**Records contained in a dataset**
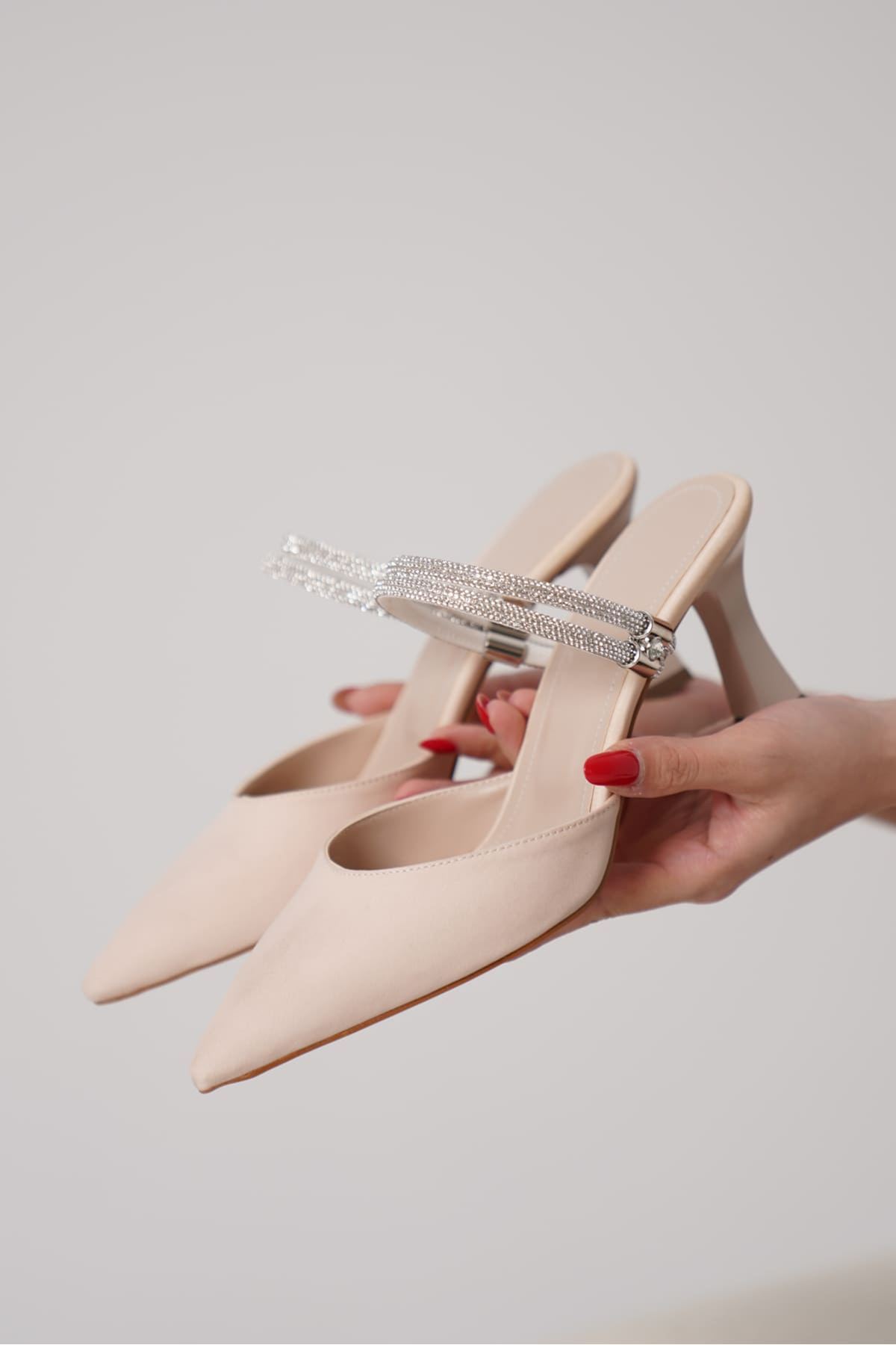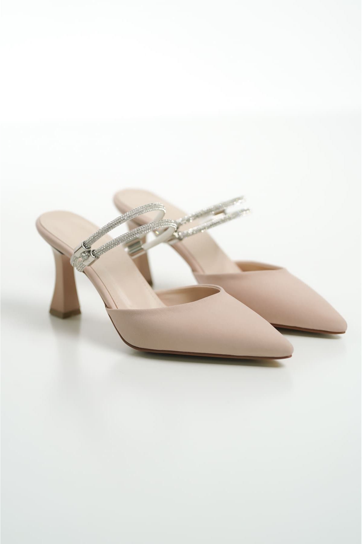 Kadın Taşlı Bej Saten Topuklu Ayakkabı TR12MS04B
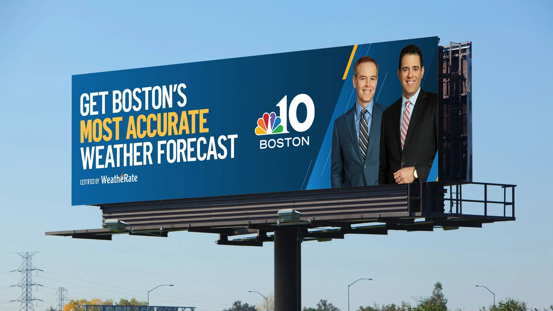 A billboard campaign that promotes the NBC10 Boston Morning Weather team, with Pete Bouchard and Matt Noyes. The main purpose was to remind viewers that each forecast is certified by WeatheRate, the only weather forecast verification company in the United States.
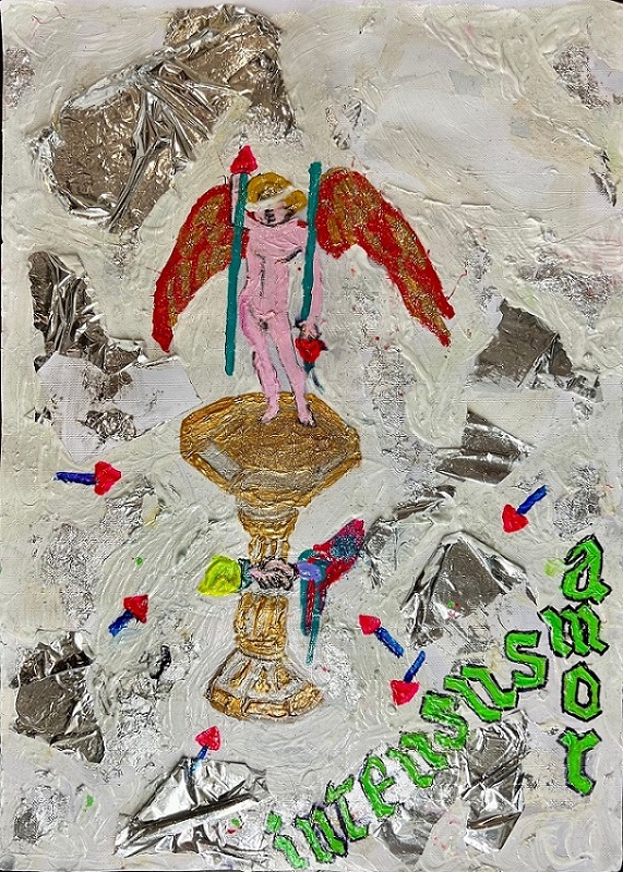 Attraverso il suo uso personale del colore e della composizione, crea opere che fungono da specchi per l’anima dello spettatore, richiamando emozioni sepolte e risvegliando sensazioni dimenticate. Ogni elemento, dall’inclusione di materiali inaspettati come pietre, specchi e metalli preziosi, alla complessità dei suoi strati materici, sembra tessere una trama di mistero e rivelazione.
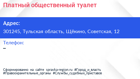 Платный общественный туалет по адресу 301245, Тульская область, Щёкино, Советская, 12 в дальнейшем Организация, размещена в следующих категориях:
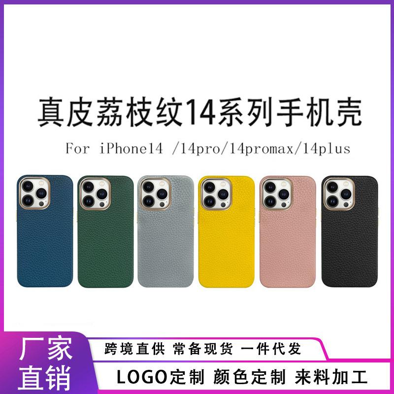 Adecuado para Apple 14 funda de teléfono móvil con patrón de lichi iphone13promax cuero genuino anticaídas cuero piel de vaca funda protectora
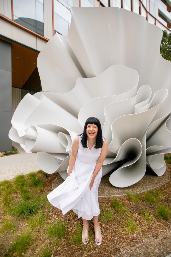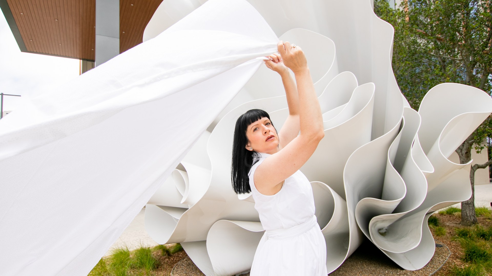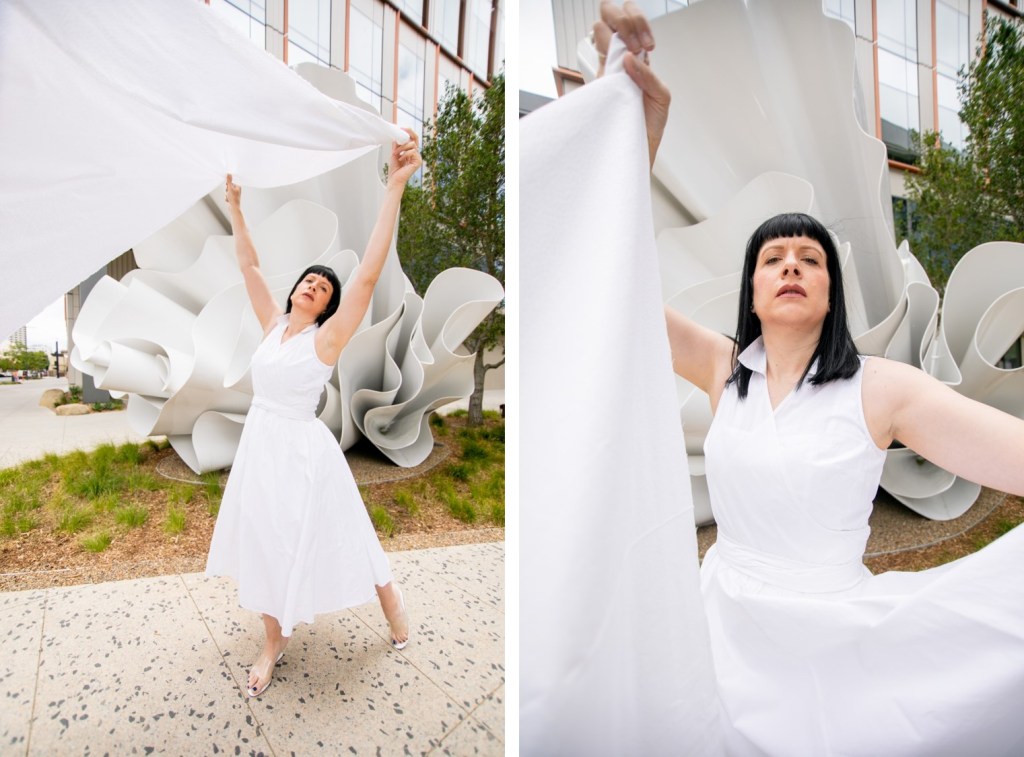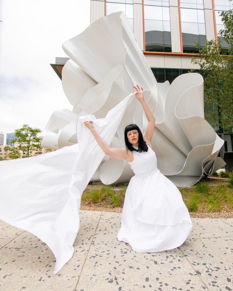 I know I’ve talked about my love for public art on this blog before. Adding murals, sculptures or installations to even the most ordinary of spaces, transforms them into places of inspiration and conversation. Public art can beautify urban landscapes, and with these pieces being accessible to everyone, they make art a part of daily life rather than only confined to Museums and galleries. So when a new project crops up in my city that brings in fresh public art, I get very very excited. Such a project has just begun to take shape here in San Diego…the new RaDD life sciences and biotech district on the San Diego Waterfront. The RaDD district is a new urban commercial project occupying 6 blocks of downtown featuring five architecturally distinct buildings, a 1.7-acre park, a pedestrian paseo, and a public art walk that will feature 18 contemporary artworks. The whole space is beautiful, but the 18 pieces of new public art is what I’m extremely excited about. The space is not 100% completed as of this post date, but some of the pieces have already become available for view. This post is #1 in a new series where I will be featuring these astounding pieces in the RaDD art walk collection. I selected a beautiful all-white fiberglass sculpture by artist Alice Aycock as the kickoff feature to this series. This piece specifically lent itself to fashion with its fabric or flower-like undulation…and I liked the challenge of making dynamic art-pairing images without the aid of the wild color I usually feature. I am excited to hear your thoughts on this new collection.
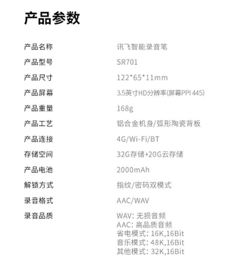 商品名称:☆科大讯飞 SR701 智能录音笔 32G+云存储 星空灰
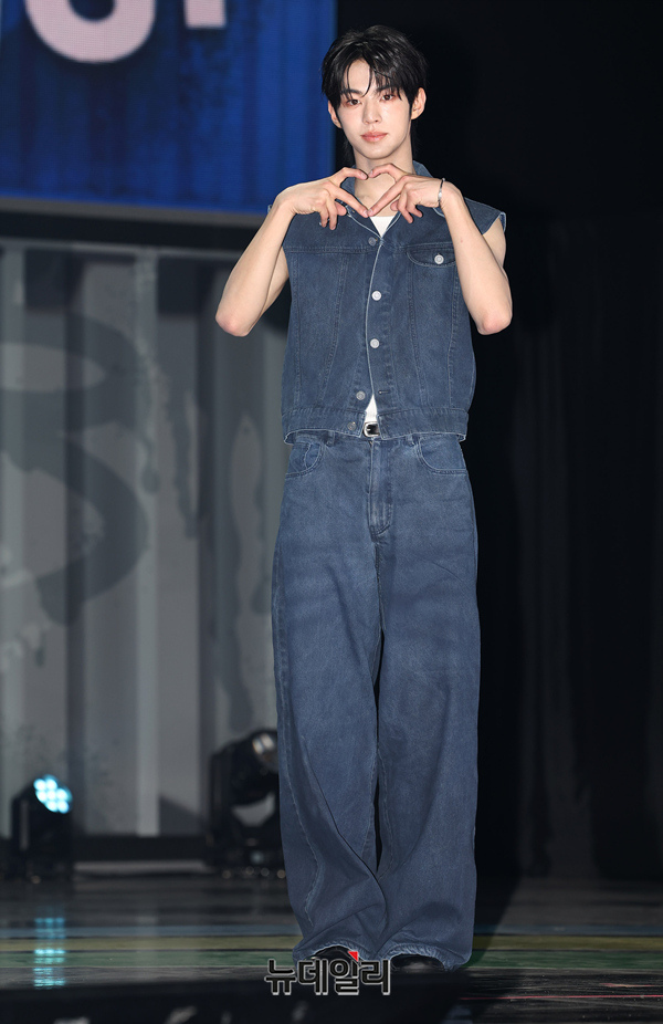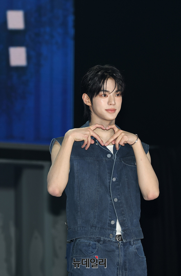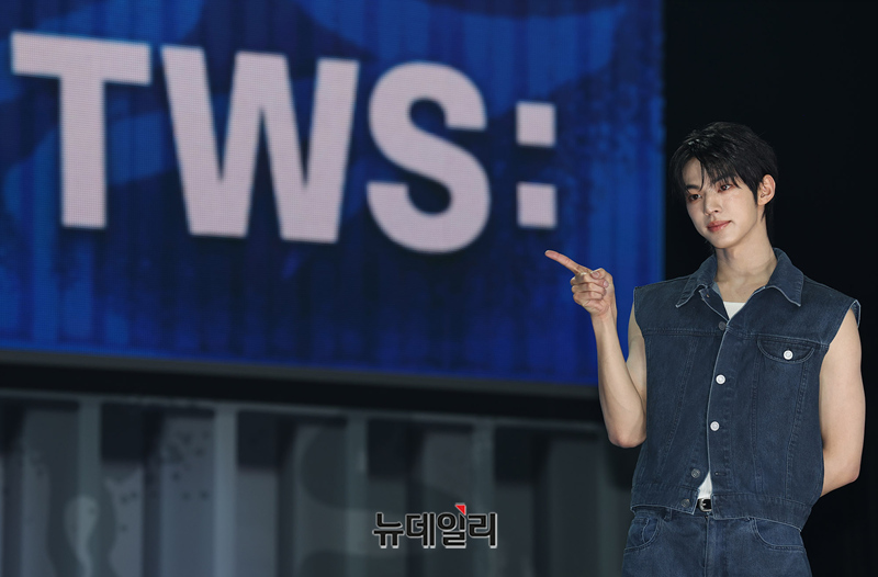 TWS(투어스) 도훈이 21일 오후 서울 용산구 블루스퀘어에서 열린 미니 3집 'TRY WITH US' 미디어 쇼케이스에서 포즈를 취하고 있다.

**YOUR GOAL**
Print every entry exactly; omit the pictures.

**RESPONSE**
 Kadın Taşlı Bej Saten Topuklu Ayakkabı TR12MS04B
 A billboard campaign that promotes the NBC10 Boston Morning Weather team, with Pete Bouchard and Matt Noyes. The main purpose was to remind viewers that each forecast is certified by WeatheRate, the only weather forecast verification company in the United States.
 Attraverso il suo uso personale del colore e della composizione, crea opere che fungono da specchi per l’anima dello spettatore, richiamando emozioni sepolte e risvegliando sensazioni dimenticate. Ogni elemento, dall’inclusione di materiali inaspettati come pietre, specchi e metalli preziosi, alla complessità dei suoi strati materici, sembra tessere una trama di mistero e rivelazione.
 Платный общественный туалет по адресу 301245, Тульская область, Щёкино, Советская, 12 в дальнейшем Организация, размещена в следующих категориях:
 Adecuado para Apple 14 funda de teléfono móvil con patrón de lichi iphone13promax cuero genuino anticaídas cuero piel de vaca funda protectora
 I know I’ve talked about my love for public art on this blog before. Adding murals, sculptures or installations to even the most ordinary of spaces, transforms them into places of inspiration and conversation. Public art can beautify urban landscapes, and with these pieces being accessible to everyone, they make art a part of daily life rather than only confined to Museums and galleries. So when a new project crops up in my city that brings in fresh public art, I get very very excited. Such a project has just begun to take shape here in San Diego…the new RaDD life sciences and biotech district on the San Diego Waterfront. The RaDD district is a new urban commercial project occupying 6 blocks of downtown featuring five architecturally distinct buildings, a 1.7-acre park, a pedestrian paseo, and a public art walk that will feature 18 contemporary artworks. The whole space is beautiful, but the 18 pieces of new public art is what I’m extremely excited about. The space is not 100% completed as of this post date, but some of the pieces have already become available for view. This post is #1 in a new series where I will be featuring these astounding pieces in the RaDD art walk collection. I selected a beautiful all-white fiberglass sculpture by artist Alice Aycock as the kickoff feature to this series. This piece specifically lent itself to fashion with its fabric or flower-like undulation…and I liked the challenge of making dynamic art-pairing images without the aid of the wild color I usually feature. I am excited to hear your thoughts on this new collection.
 商品名称:☆科大讯飞 SR701 智能录音笔 32G+云存储 星空灰
 TWS(투어스) 도훈이 21일 오후 서울 용산구 블루스퀘어에서 열린 미니 3집 'TRY WITH US' 미디어 쇼케이스에서 포즈를 취하고 있다.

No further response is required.